There are multiple sets of input/output relationships with different complexity and should be treated differently.
- a calligraphy/painting synthesizing program
- real calligraphy samples / written images in one single style
- Output: a brush-control policy that produce trajectories to write any character in the training set with minimal reconstruction error
This I/O relationship yields a template fitting problem. Here are some limitations:
the agent has no idea of the temporal relation of strokes and can only learn to minimize the discrepancy between writing results and those in the training set. The agent cannot write any unseen character. We can mitigate this by providing the agent with existing stroke order knowledge.

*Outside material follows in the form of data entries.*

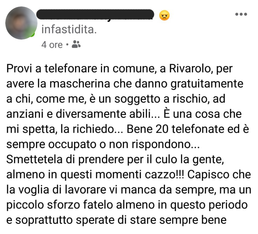 “Provi a telefonare in comune, a Rivarolo – scrive una cittadina – per avere la mascherina che danno gratuitamente a chi, come me, è un soggetto a rischio, ad anziani e diversamente abili… E’ una cosa che mi spetta, la chiedo… Bene 20 telefonate ed è sempre occupato o non rispondono… Smettetela di prendere per il XXXX la gente, almeno in questi momenti xxxxx!!! Capisco che la voglia di lavorare vi manca da sempre ma un piccolo sforzo fatelo almeno in questo periodo e soprattutto sperate di stare sempre bene”.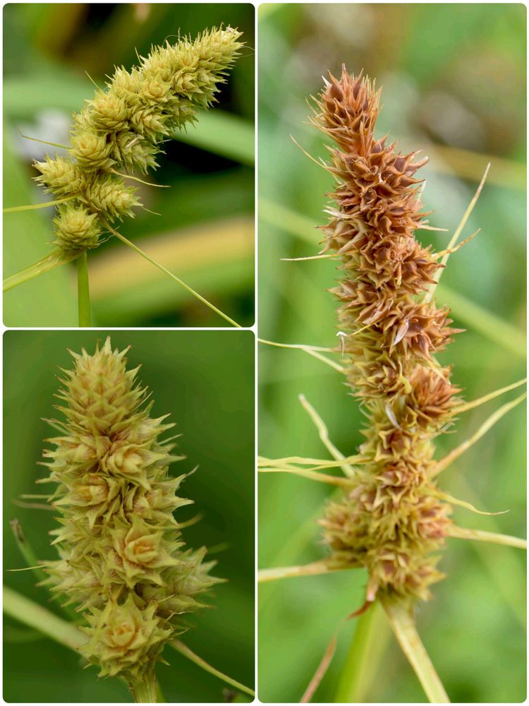本州、および伊豆諸島の八丈島の河川敷などの湿った草地に生える。草丈30~60cm。丸っこい小穂を密集した穂状に着け、その基部の苞の2~3枚が特によく発達する。小穂は雄雌性、多数の雌花と上部に少数の雄花をつけ。雌花の鱗片は卵形で鋭頭。東京では絶滅危惧Ⅱ類。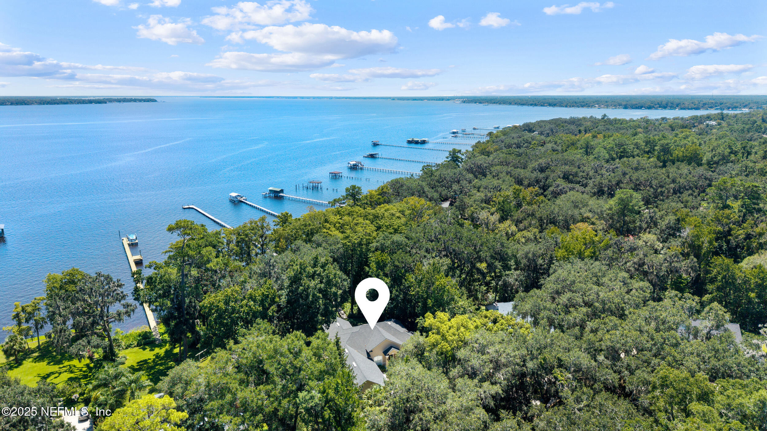 Discover luxury riverside living in this beautifully renovated 4-bedroom, 2.5-bath home on the St. Johns River in desirable Fleming Island. Spanning approximately 3,478 square feet, this residence offers an open, airy floor plan bathed in natural light, with breathtaking river views framed by a large steel-reinforced window in the living room. Boating enthusiasts will love the expansive 600-foot dock providing direct river access for effortless days on the water. Car collectors and hobbyists will appreciate the massive 5-car garage, which includes an air-conditioned section prepped for easy conversion into an in-law suite, workshop, or additional living space. The chef-inspired kitchen features modern finishes, generous counter space, and an ideal layout for entertaining family and friends. A practical, large mudroom handles everyday needs, while the spacious bedrooms offer comfort and privacy. The primary suite is a true retreat, complete with a spa-like ensuite bathroom for

The quality of character images written by the agent is highly limited by the fidelity of the synthesizing program. There is a huge sim2real gap to deploy the control policy on a real robot manipulator. As one amenable way, we can use real-world calligraphy writing videos (optionally plus captured movement data) to learn a realistic brush dynamics model, i.e. predicting how the brush deforms w.r.t action, which is not nontrivial because of the challenges in learning the following things:
- the 3D shape of the deformable brush tuft is not regular, esp. when it is rotated
- forking of brush-head hairs, esp. when there is little ink
- frictional effect with different pressing force and moving velocity
- the diffusion of ink in the paper
It is pragmatic to learn a control policy using simulator with an immature brush model and then fine-tuning it with real-world data, because it would be too difficult for neural net models to approximate complex physics rules considering the difficulties mentioned above. In other words, we inject inductive bias by using a simulator to inform the agent of how the brush deform and how it leaves a ink footprint on the paper.
- a calligraphy synthesizing program (same as in Scenario I)
- calligraphy images in one or multiple style(s)
- font file(s)
- Output: a policy that can write any character supported by the font, with any style in the training dataset
This I/O relationship makes the resulting policy more useful. For example, because we can obtain all images of characters in an encoding(e.g. GB 2132), we can build a customized font easily, alleviate the tedious job of designing of thousands of Chinese characters.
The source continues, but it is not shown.